• **Data for analysis**:
○ ○ ○ ○
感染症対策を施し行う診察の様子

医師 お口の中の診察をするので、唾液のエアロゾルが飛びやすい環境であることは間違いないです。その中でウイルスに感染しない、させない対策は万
○ ○ ○ ○
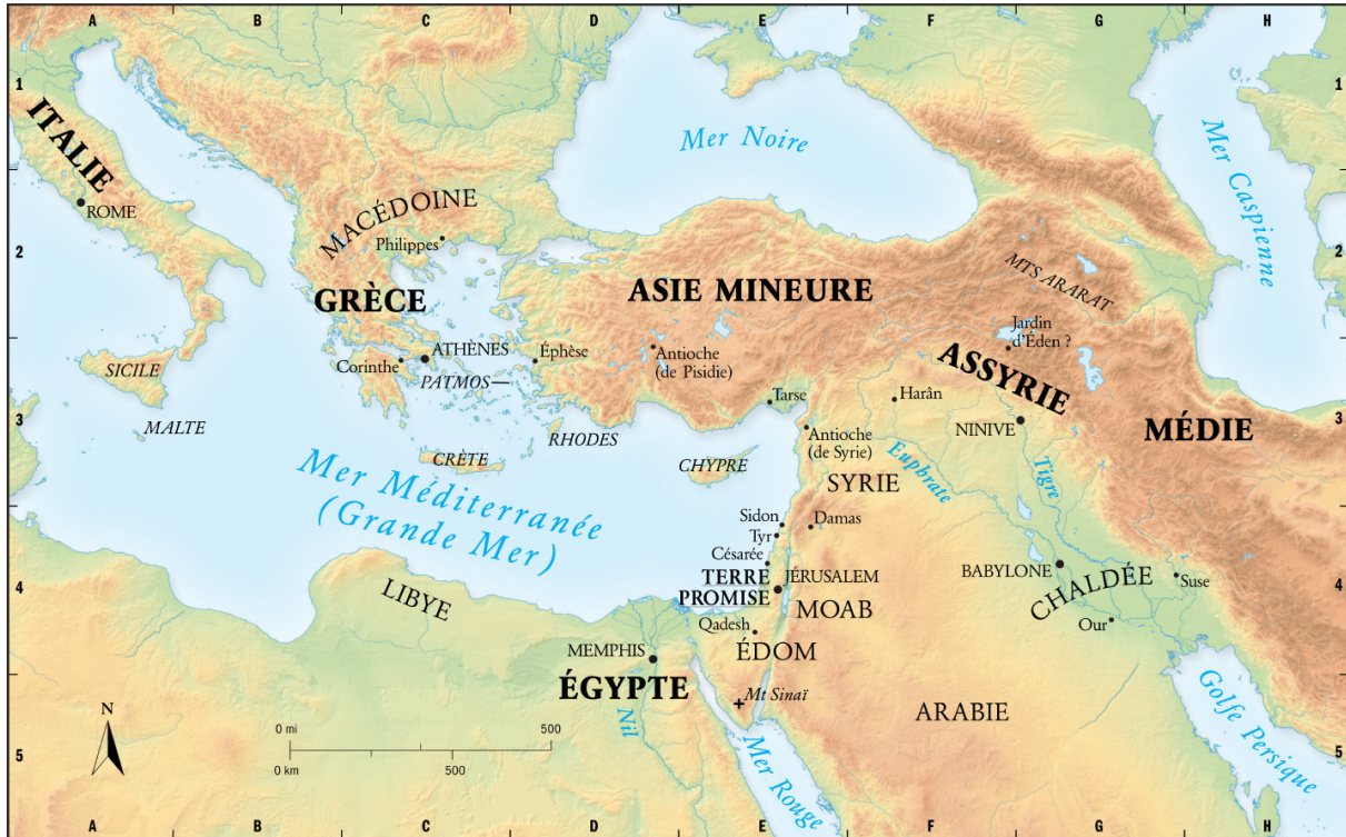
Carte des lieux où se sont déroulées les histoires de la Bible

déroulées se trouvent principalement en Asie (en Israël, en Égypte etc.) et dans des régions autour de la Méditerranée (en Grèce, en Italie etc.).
○ ○ ○ ○
• **What is expected**:
Scan the listing above and identify each line holding the string "déroulées"; copy every such line.

• **Reply**:
Carte des lieux où se sont déroulées les histoires de la Bible
déroulées se trouvent principalement en Asie (en Israël, en Égypte etc.) et dans des régions autour de la Méditerranée (en Grèce, en Italie etc.).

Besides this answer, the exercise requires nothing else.